CREATE MATERIALIZED VIEW spam_stats_daily
ENGINE = SummingMergeTree()
PARTITION BY toYYYYMM(Date)
ORDER BY (Date, Action)
AS SELECT
Date,
Action,
count() as Messages,
avg(Score) as Avg_Score,
avg(Scan_Time) as Avg_Scan_Time,
avg(message_size) as Avg_Size
FROM rspamd
GROUP BY Date, Action;
-- IP reputation view with custom columns
CREATE MATERIALIZED VIEW ip_reputation
ENGINE = SummingMergeTree()
PARTITION BY toYYYYMM(Date)
ORDER BY (Date, IP)
AS SELECT
Date,
IP,
Action,
count() as Messages,
avg(Score) as Avg_Score,
country_code,
asn_number,
countIf(has_executable = '1') as Executable_Count,
countIf(toUInt32(url_count) > 0) as Messages_With_URLs
FROM rspamd
GROUP BY Date, IP, Action, country_code, asn_number;
-- Attachment analysis view
CREATE MATERIALIZED VIEW attachment_stats
ENGINE = SummingMergeTree()
PARTITION BY toYYYYMM(Date)
ORDER BY (Date, attachment_extensions)
AS SELECT
Date,
attachment_extensions,
count() as Messages,
avg(Score) as Avg_Score,
countIf(Action = 'reject') as Rejected,
countIf(has_executable = '1') as Has_Executable
FROM rspamd
WHERE toUInt32(attachment_count) > 0
GROUP BY Date, attachment_extensions;
-- Language detection view
CREATE MATERIALIZED VIEW language_stats
ENGINE = SummingMergeTree()
PARTITION BY toYYYYMM(Date)
ORDER BY (Date, language_detection)
AS SELECT
Date,
language_detection,
count() as Messages,
avg(Score) as Avg_Score,
countIf(Action = 'reject') as Rejected
FROM rspamd
WHERE language_detection != ''
GROUP BY Date, language_detection;
Advanced Column Configuration
Selector Examples
Rspamd provides powerful selectors to extract data from messages. Here are additional examples:
# /etc/rspamd/local.d/clickhouse.conf
extra_columns = {
# Basic message properties
"message_size" = "size";
"recipient_count" = "rcpts:count";
"mime_parts_count" = "parts:count";
# Network and geographic information
"client_hostname" = "hostname";
"is_authenticated" = "user";
# Header analysis
"subject_length" = "header('Subject'):len";
"from_domain" = "from:domain";
"reply_to" = "header('Reply-To')";
"message_id" = "header('Message-ID')";
"content_type" = "header('Content-Type')";
"x_mailer" = "header('X-Mailer')";
"received_count" = "received:count";
# URL analysis
"url_count" = "urls:count";
"unique_domains_count" = "urls:domains:count";
# Time-based information
"message_date" = "header('Date'):time('%Y-%m-%d')";
}
Complete Custom Selector Integration
Here's how to integrate custom selectors with ClickHouse from start to finish:
Step 1: Register Custom Selectors
First, register your custom selectors in /etc/rspamd/rspamd.local.lua
:
-- /etc/rspamd/rspamd.local.lua
local lua_selectors = require "lua_selectors"

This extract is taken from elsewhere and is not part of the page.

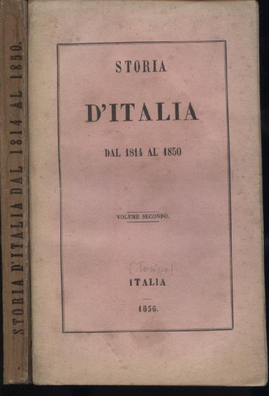 2 volumi in-8°, pp. VII, 352, (4); 367, (5); brossura editoriale rosa pallido con titolo entro filetto. Bell'esemplare. Prima edizione, rara, impressa anonimamente, ma dovuta alla penna di Luigi Anelli, di questo tentativo di storia d'Italia dal Congresso di Vienna al 1850 improntato a schietti spiriti repubblicani e federalisti. Scrive Marino Parenti: 'La prefazione è firmata Sancho Abarca e comp. e il Bertarelli (l'editore) non sospetta che si tratti di pseudonimo e lo indica come autore. L'opera invece, rarissima, è di Luigi Anelli. Quanto al luogo di stampa è chiaramente indicato alla fine di ciascun volume'. L'Anelli (Lodi 1813-Milano, 1890) 'letterato, sacerdote, membro del Governo Provvisorio durante le Cinque Giornate, al ritorno degli austriaci si rifugiò a Nizza e tornò in patria nel 1859. Buon traduttore di classici, la sua opera principale è la Storia d'Italia dal 1815 al 1867, dedicata a Giuseppe Ferrari, la cui edizione definitiva uscì in Milano tra il 1864 e il 1868'. Parenti, Dizionario dei luoghi di stampa falsi, p. 231. Parenti, Rarità, III, 110. Lemmi, p.110. Bertarelli, n. 9330. Rosi, II, 70. Ghisalberti, I,13 e II, 660: 'Rappresenta la voce del repubblicanesimo intransigente'. Franco Della Peruta in D.B.I., III, 1961: 'Dopo il ritorno degli Austriaci a Milano l'Anelli (che rimase nella città lombarda fino all'ultimo, per tentare di suscitarvi un'ultima resistenza) si recò in esilio a Nizza, dove si fermò fino al 1859, tenendosi lontano dalla politica militante e dedicandosi prevalentemente agli studi storici. In quegli anni lavorò in particolare ad una Storia d'Italia dal 1814 al 1850 (2 voll., Torino 1856), ampia ed onesta compilazione, condotta con tono moraleggiante e stile tacitiano, ammata però da ung viva passione politica e dai suoi ideali democratici, sinceramente vissuti: il 'progresso', come legge 'inflessibile' dell'umanità; la libertà, principio della vita dei popoli e ragione di ogni fatto politico; il popolo, elemento attivo da educare alla vita politica. In due successive edizioni (4 voll., Milano 1864; 6 voll., ibid. 1868), in cui la narrazione è condotta rispettivamente fino al 1863 ed al 1867, risultano accentuati i motivi polemici antipiemontesi e antimoderati e la coloritura repubblicana dell'opera.'.

-- Register custom extractors for ClickHouse analytics
-- Attachment count extractor
lua_selectors.register_extractor(rspamd_config, "attachment_count", {
get_value = function(task, args)
local parts = task:get_parts()
local count = 0
for _, part in ipairs(parts) do
if part:get_filename() then
count = count + 1
end
end
return tostring(count), 'string'
end,
description = 'Get number of attachments'
})
-- Dangerous attachment detector
lua_selectors.register_extractor(rspamd_config, "has_dangerous_attachment", {
get_value = function(task, args)
local dangerous_exts = {exe=true, scr=true, bat=true, com=true, pif=true, vbs=true, js=true}
local parts = task:get_parts()
for _, part in ipairs(parts) do
local filename = part:get_filename()
if filename then
local ext = filename:match("%.([^%.]+)$")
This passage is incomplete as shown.